**WHAT YOU NEED TO DO:**
From the first line of the data down to the line bearing "Рюкзак детский / Ромашки на черном фоне", output every line exactly and include no pictures.
───── DATA BELOW
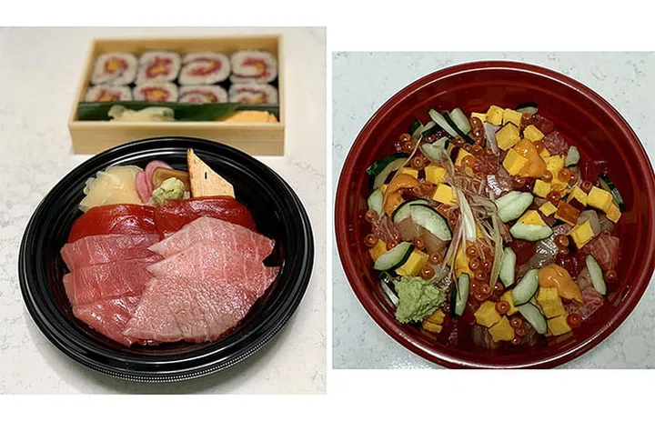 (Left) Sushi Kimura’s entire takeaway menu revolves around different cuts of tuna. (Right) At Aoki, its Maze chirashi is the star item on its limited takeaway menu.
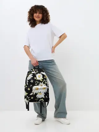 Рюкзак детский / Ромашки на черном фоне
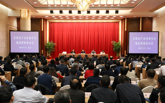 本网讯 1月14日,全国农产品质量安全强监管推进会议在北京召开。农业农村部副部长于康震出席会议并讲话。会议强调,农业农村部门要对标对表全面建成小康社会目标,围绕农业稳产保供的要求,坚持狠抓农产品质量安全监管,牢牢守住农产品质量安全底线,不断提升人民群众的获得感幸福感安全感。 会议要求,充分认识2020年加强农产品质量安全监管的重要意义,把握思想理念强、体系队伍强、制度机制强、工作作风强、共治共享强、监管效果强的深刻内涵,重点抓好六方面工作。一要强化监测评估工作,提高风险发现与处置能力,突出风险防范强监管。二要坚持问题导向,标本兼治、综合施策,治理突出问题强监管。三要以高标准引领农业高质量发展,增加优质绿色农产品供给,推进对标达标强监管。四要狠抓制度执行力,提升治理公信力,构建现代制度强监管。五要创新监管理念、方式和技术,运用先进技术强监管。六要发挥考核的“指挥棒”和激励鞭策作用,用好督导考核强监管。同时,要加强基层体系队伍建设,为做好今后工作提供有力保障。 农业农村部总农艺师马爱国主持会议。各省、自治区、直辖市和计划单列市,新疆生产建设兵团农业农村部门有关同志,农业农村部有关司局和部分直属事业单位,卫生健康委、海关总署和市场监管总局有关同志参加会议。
──────────
**EXPECTED ANSWER:**
 (Left) Sushi Kimura’s entire takeaway menu revolves around different cuts of tuna. (Right) At Aoki, its Maze chirashi is the star item on its limited takeaway menu.
 Рюкзак детский / Ромашки на черном фоне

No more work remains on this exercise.